Last year, Red Hat shared our plan to evolve our global Telecommunications, Media and Entertainment (TME) organization to better suit the needs of our partners and customers. Since then, we’ve been connecting and building within our ecosystem to deliver solutions that answer our customer’s biggest needs, one of which is helping navigate the global shift in the way services are delivered across both the TME industry and society as a whole.
Industry-leading partners and connected organizations are working together with the telco ecosystem to build on each other’s innovations in new ways, working together to accelerate the pace of industry change, with a focus on building frictionless customer journeys. For example, service providers are helping banks meet the demands of customers for real-time digital services like hyper-personalization, real-time fraud detection and next-gen connectivity - while also giving the unbanked access to financial services. From mobile banking and payments, connected vehicles, public safety monitors, private 5G and more, service providers are fundamental in providing the many technologies that are driving a completely new landscape for improved societies and global transformation.
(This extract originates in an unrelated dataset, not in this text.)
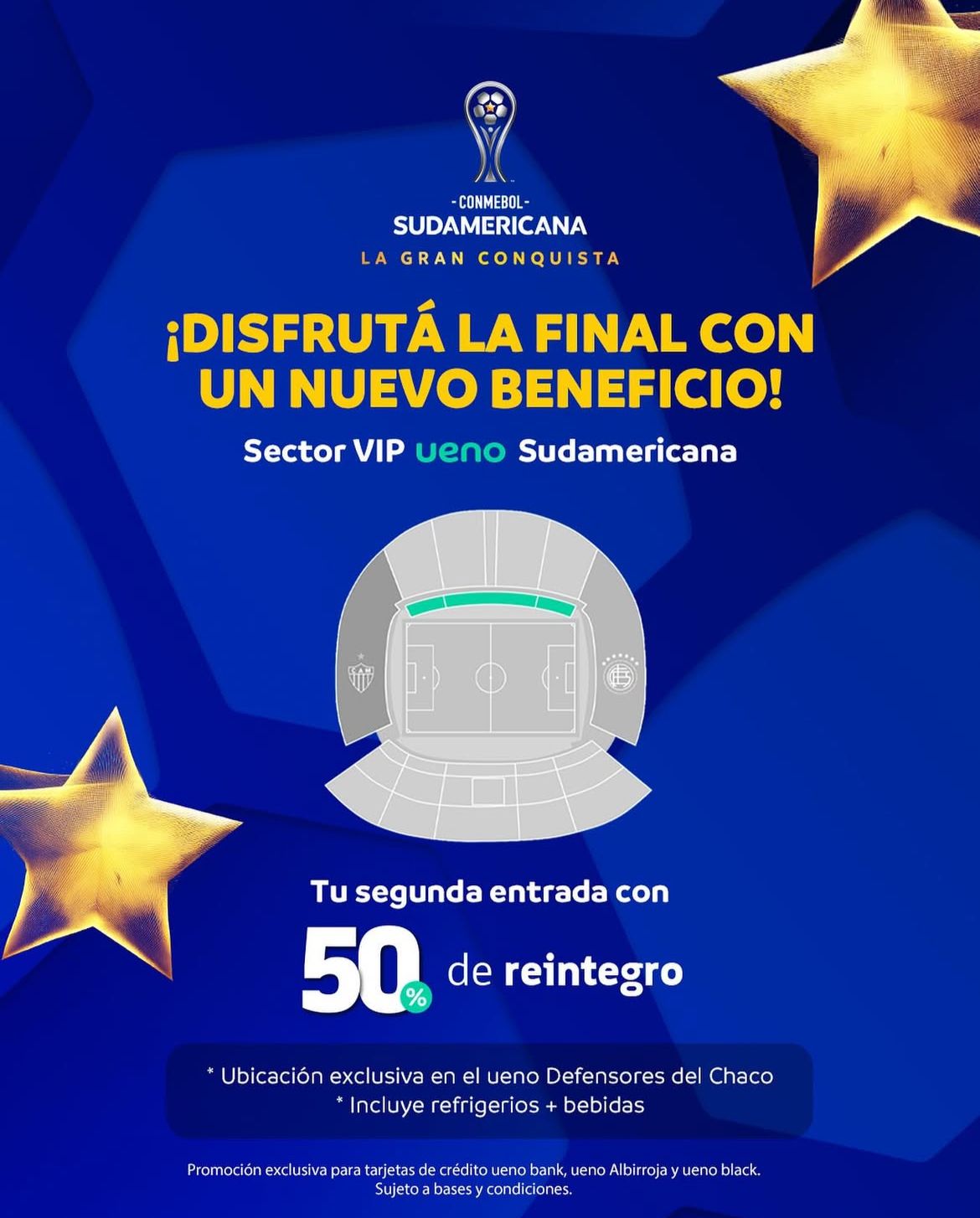 “El sector vip ueno sudamericana es la mejor manera de vivir la final de la Sudamericana como nunca antes, sintiendo cada jugada en primera persona y con una comodidad inigualable. Porque queremos que la experiencia del fútbol siempre sea memorable”, complementó.

How cloud independence can drive change
But this doesn’t happen overnight. Service providers are rethinking their cloud approach by transitioning to a hybrid and multi-cloud environment to help them become more flexible, agile, scalable and competitive in a constantly evolving market. In a TM Forum Themes Report, sponsored by Red Hat, we found that this pivot can lead a service provider to decide which hyperscale cloud provider meets their needs best.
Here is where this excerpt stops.